Will Dems turn Dobbs-ism into policy?



By ANDREW CASSEL
PHILADELPHIA INQUIRER
How worried should we be about the Lou Dobbs Democrats?
The term jumped out from one of last week's post-election analyses. It's a label that applies to at least a good-size handful of the folks who will make up the new majority on Capitol Hill next year.
Who's a Lou Dobbs Democrat? As Jacob Weisburg writes in the online journal Slate, it's someone who campaigned successfully on the same themes that Dobbs, the CNN host, has used to successfully boost his nightly cable ratings: Anti-trade, anti-immigrant, anti-globalization and furiously anti-any business that invests around the world rather than at home.
For example, Sherrod Brown, who beat a Republican incumbent to win a U.S. Senate seat from Ohio, wrote a campaign book called "Myths of Free Trade," blasting NAFTA, CAFTA, the WTO -- all the deals we've made over the decades to cut tariffs and boost global commerce.
Similar themes cropped up in a number of races. Candidates rightly sensed voters' deep and widely shared anxieties about their own, and the nation's, economic future.
But will it now translate into policy? Was Dobbs-ism just a tactic to bring out the base -- doing for the Democrats what gay marriage did for the GOP in 2004? Or will Democrats really manage to turn the tide and make globalization stop dislocating American jobs?
Actually that's a silly question. Of course they can't. The real issue is whether Washington -- no matter who's in charge -- will deal with globalization smartly or stupidly.
We could see more knee-jerk economic nationalism, of the sort that erupted early this year over the Dubai Ports deal. There could be more threats to penalize China for its trade success (which, of course, involves penalizing Americans with higher prices for Chinese-made products).
Flashpoint
A possible flashpoint could be the issue of trade-promotion authority, which allows the president to negotiate deals with other countries. That authority expires next year, and Congress could refuse to renew it, killing the chances for future free-trade agreements.
Then Lou-Dobbs-Dems could claim a win -- but the losers would be poor people in Latin America, Africa and Asia, whose ability to enter the global marketplace could be set back decades.
One of the biggest ironies is that economic nationalists typically paint big business as the villain, blaming multinational capitalism for abandoning American workers.
But when protectionism actually becomes policy, the biggest winners aren't workers, but capitalists.
Tariffs and other barriers to global trade inevitably reduce competition. Protected from overseas rivals, domestic firms grow fat and lazy, able to raise prices for less-than-world-class goods.

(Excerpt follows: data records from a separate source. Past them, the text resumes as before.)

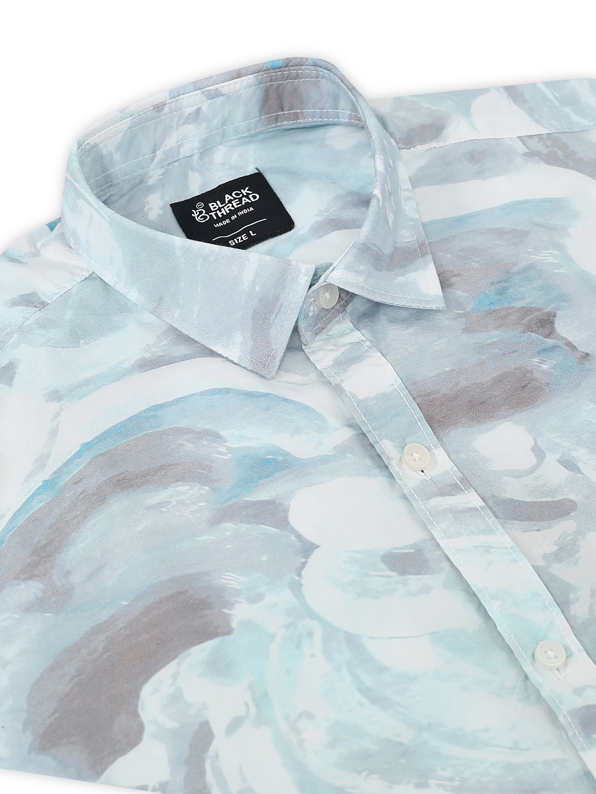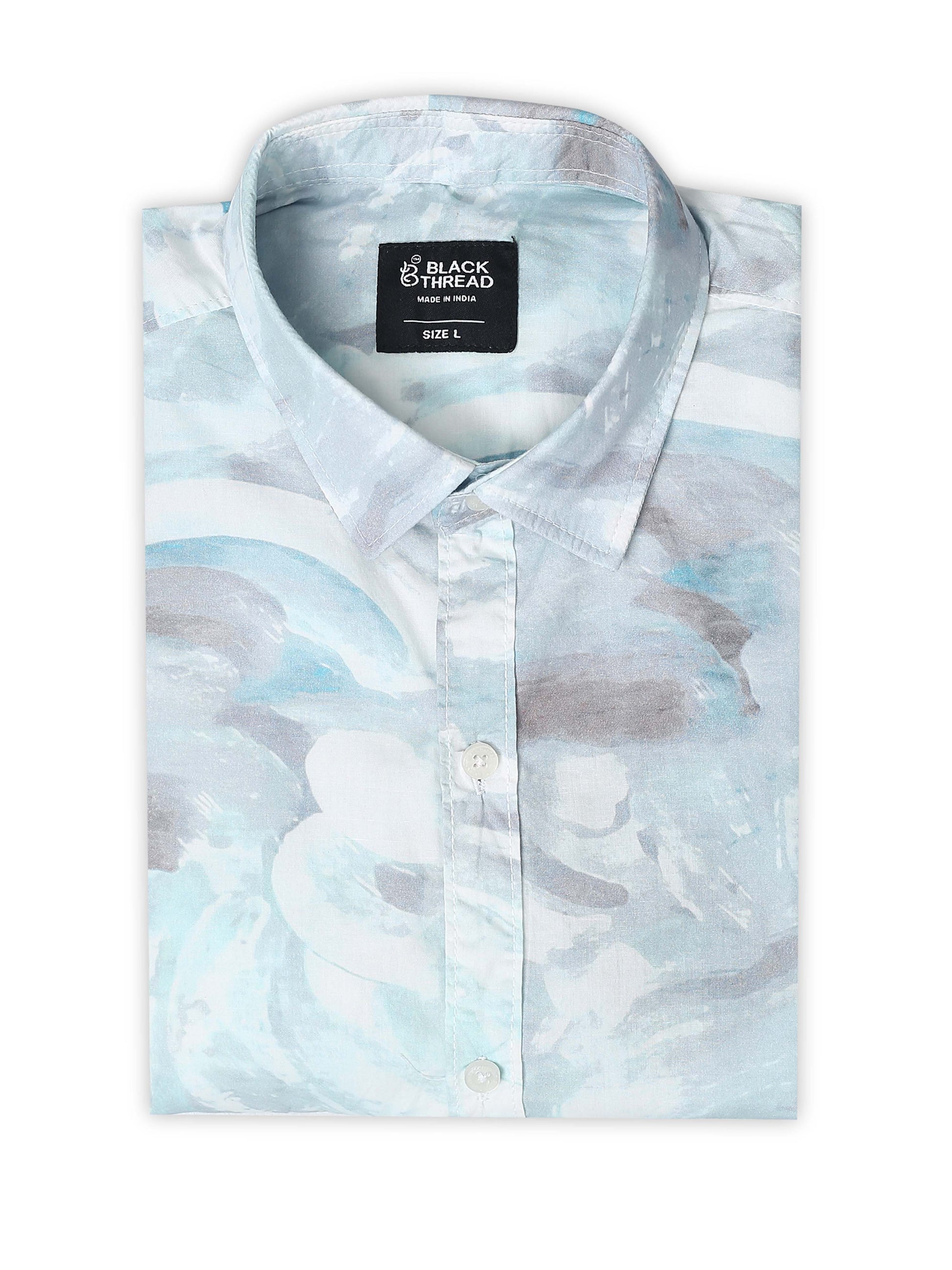 A relaxed, breezy vibe for any day — the White & Grey Tropical Breeze Cotton Shirt by Black Thread features soft pastel prints inspired by nature. Crafted in lightweight cotton, this shirt blends effortless comfort with island-inspired style.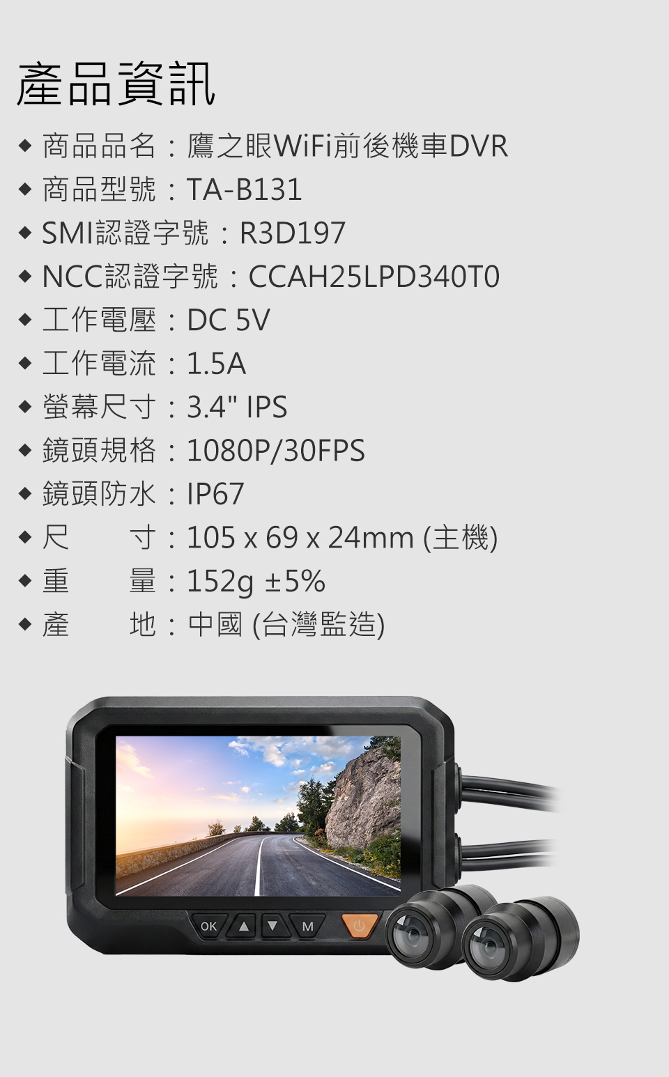 商品品名:鷹之眼WiFi前後機車DVR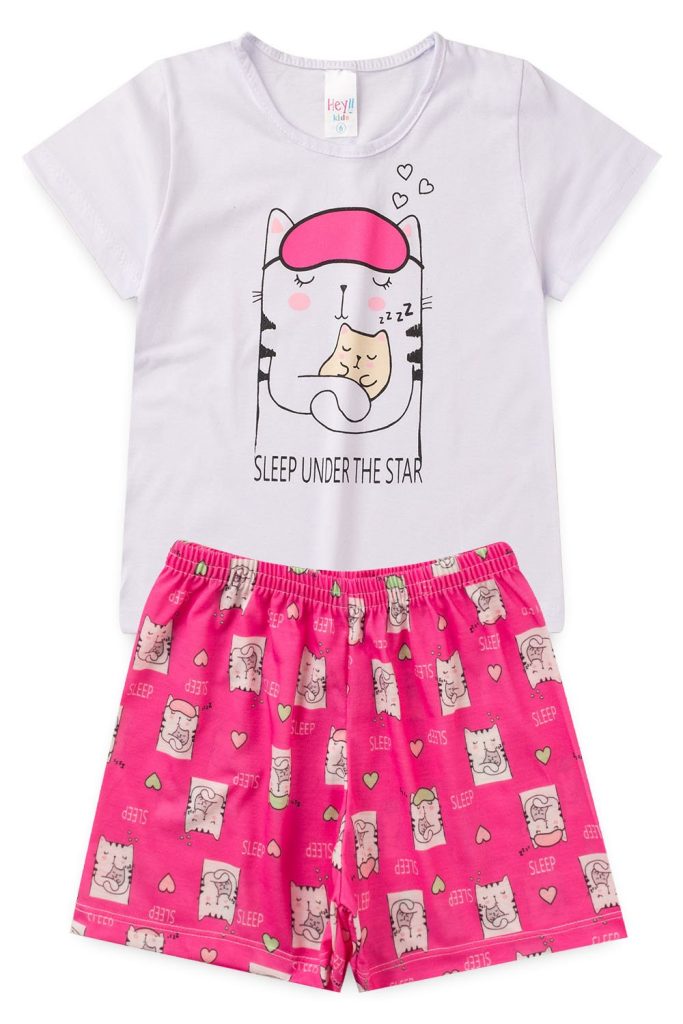 Pijama Infantil Feminino Verão Sleep Cat – Branco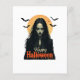 Este oscuro y misterioso diseño de bruja vampiro captura la espeluznante esencia de Halloween. Presentando a una mujer gótica con ojos naranjas penetrantes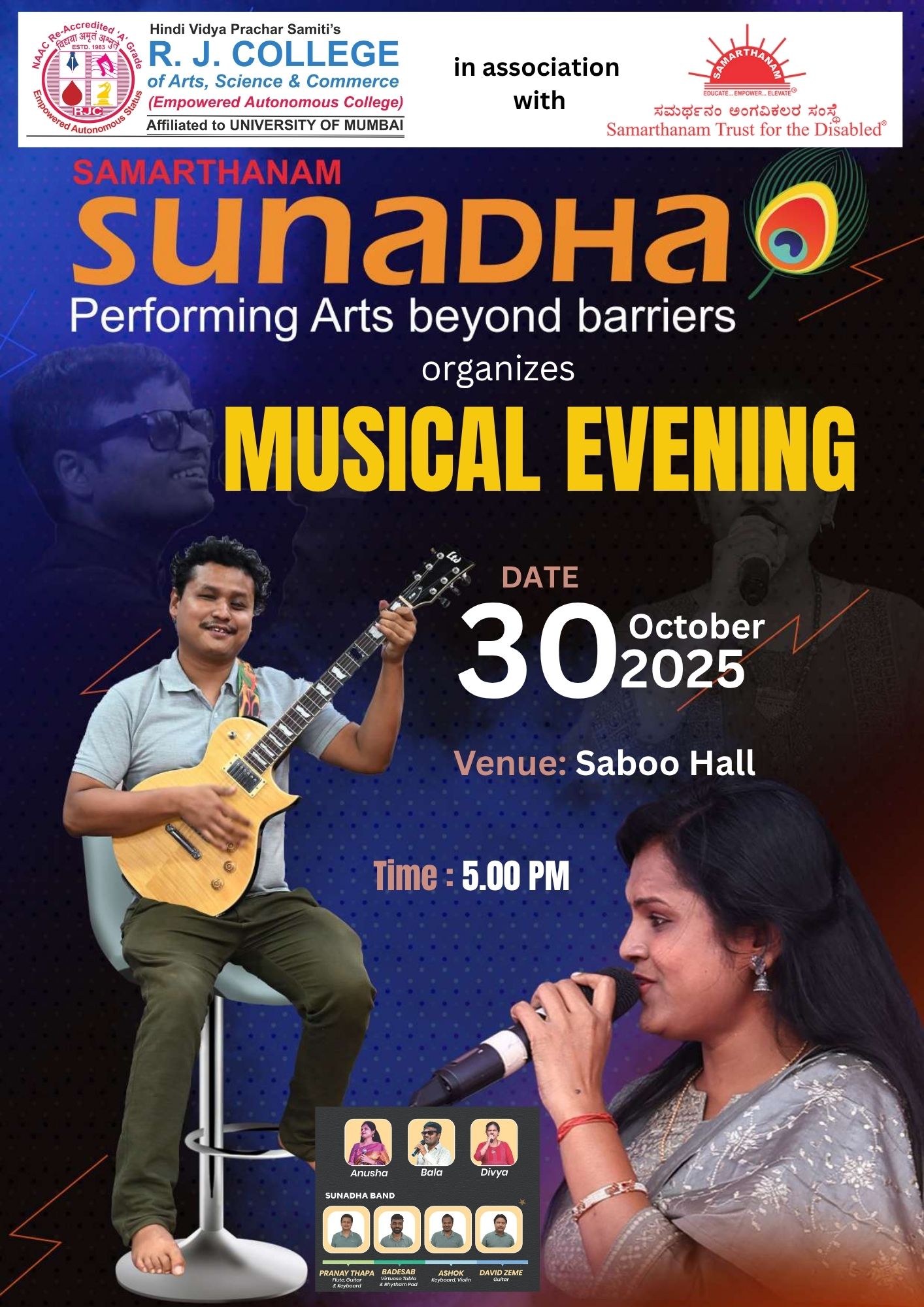 Featured Featured October 30 @ 5:00 pm - 6:30 pm Experience the Magic of Music Beyond Sight – Musical Evening on 30 Oct 2025 @ 5.00 Pm in Saboo Hall R J College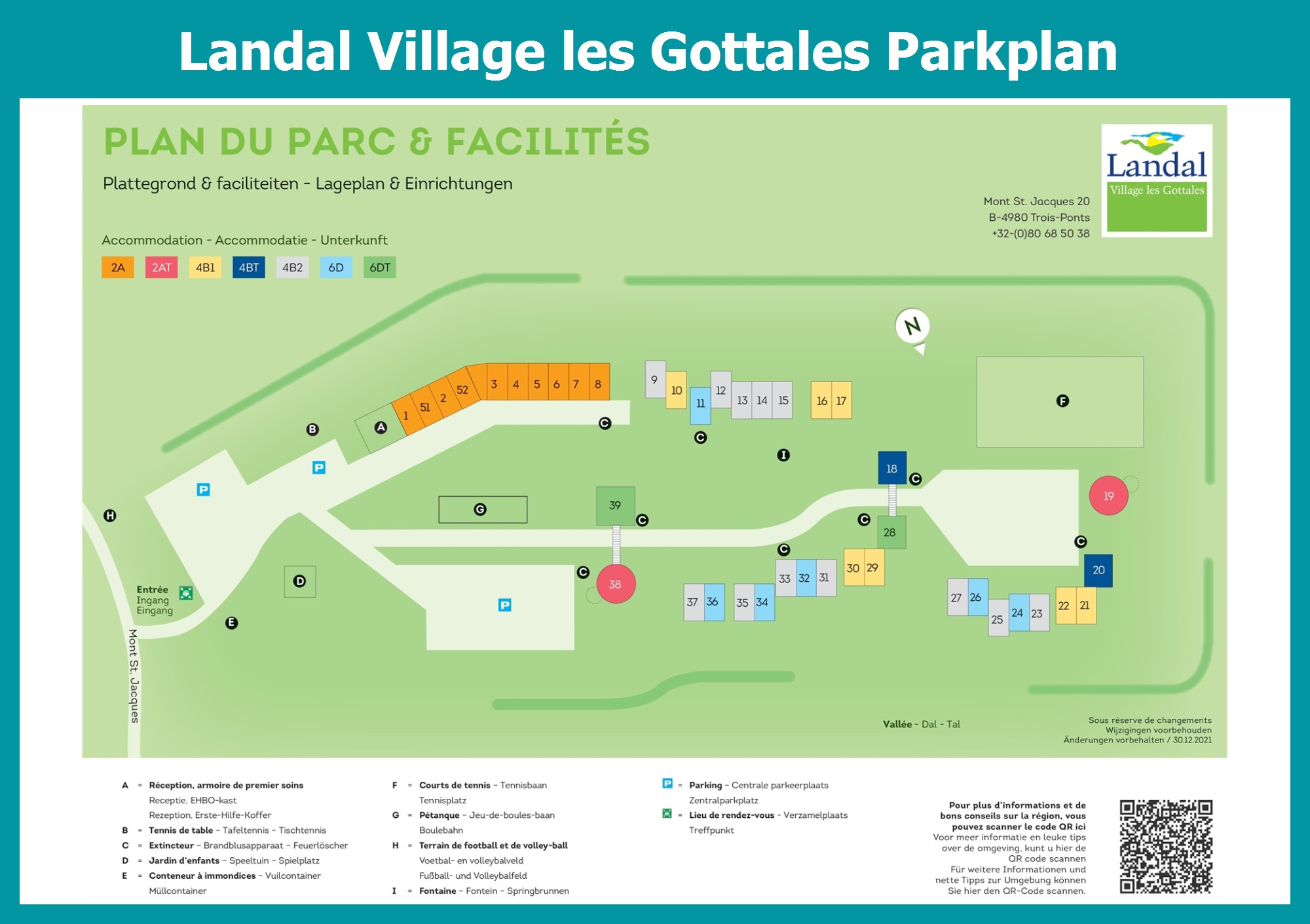 Aktueller und übersichtlicher Parkplan von Landal Village les Gottales mit alle Unterkünfte und Einrichtungen, auch als PDF herunterladbar.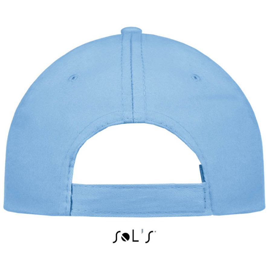 Кепка з 5 клинів SOL'S SUNNY. Матеріал: 100% легкий хлопок з начосом, жорсткий козирок, 4 отвори з заклепками для вентиляції, регульована застібка на липучці ззаду.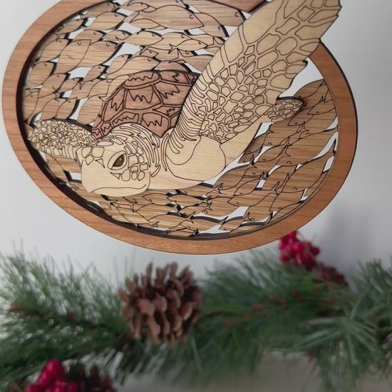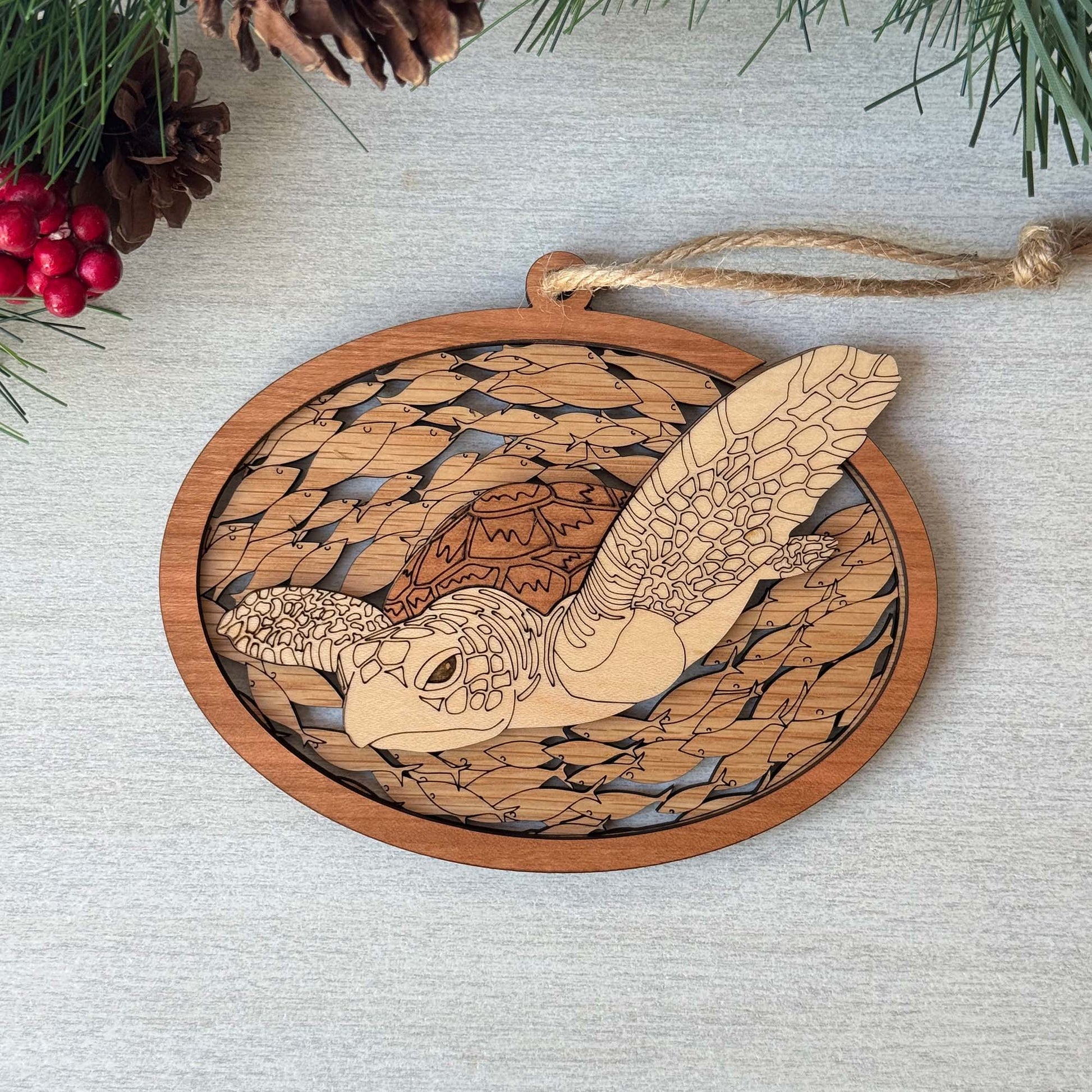 Wood Sea Turtle Ornament | Handcrafted Coastal Christmas Décor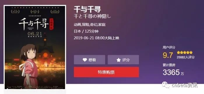 宫崎骏经典动画电影《千与千寻》今天在国内正式上映,收获了相当多的好评,猫眼观众评分9.7分,淘票票9.5分。豆瓣电影和时光网由于收录的是2001年的词条,因此历史评分人数较多,不过今日更新的评分几乎也都是满分。观众们表示在电影院这部经典作品又是另一番心境,时隔这么多年依然感动。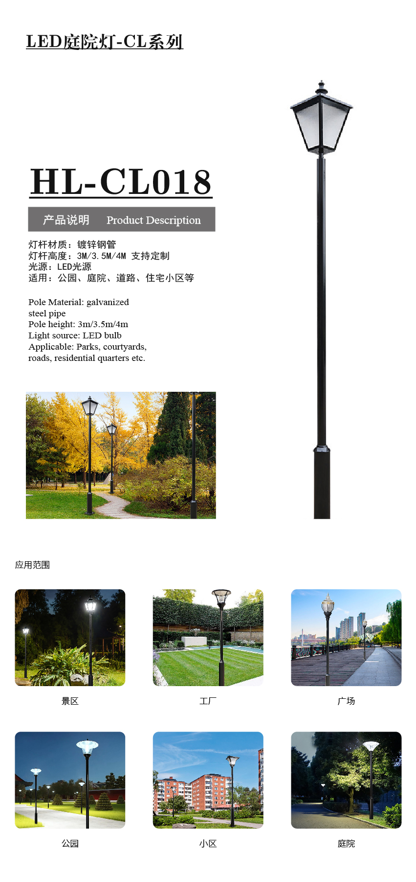 產(chǎn)品型號:HL-CL018庭院燈 應(yīng)用領(lǐng)域:產(chǎn)品中心 品牌:合力四通 銷售熱線:0511-85336035159-5127-9212

Consumers lose -- and ultimately workers as well.
There is an alternative to Dobbsism, moreover. Congress can directly tackle the very real worries many Americans have about their future economic security and well-being.
Instead of putting up walls or hoping the rest of the world will somehow go away, Washington can work on sharing the benefits of globalization more equitably.
That means (among other things) progressive tax reform, universal access to health care, a better safety net for dislocated workers, and increased national attention to what economists call "human capital" -- meaning education at all levels, from pre-kindergarten to mid-life career retraining.
If the new Congress really wants to make a difference, it should scrap the Dobbsian rhetoric and listen instead to people such as Janet Yellen, president of the Federal Reserve Bank of San Francisco.
In a speech last week, Yellen said that "rising inequality is intensifying resistance to globalization, impairing social cohesion and could, ultimately undermine American democracy."
But barriers to trade aren't the solution. Instead, Yellen argued, it's time "for the U.S. to seriously consider taking the risk of making our economy more rewarding for more of the people."
Andrew Cassel is a columnist for the Philadelphia Inquirer. Distributed by McClatchy-Tribune Information Services.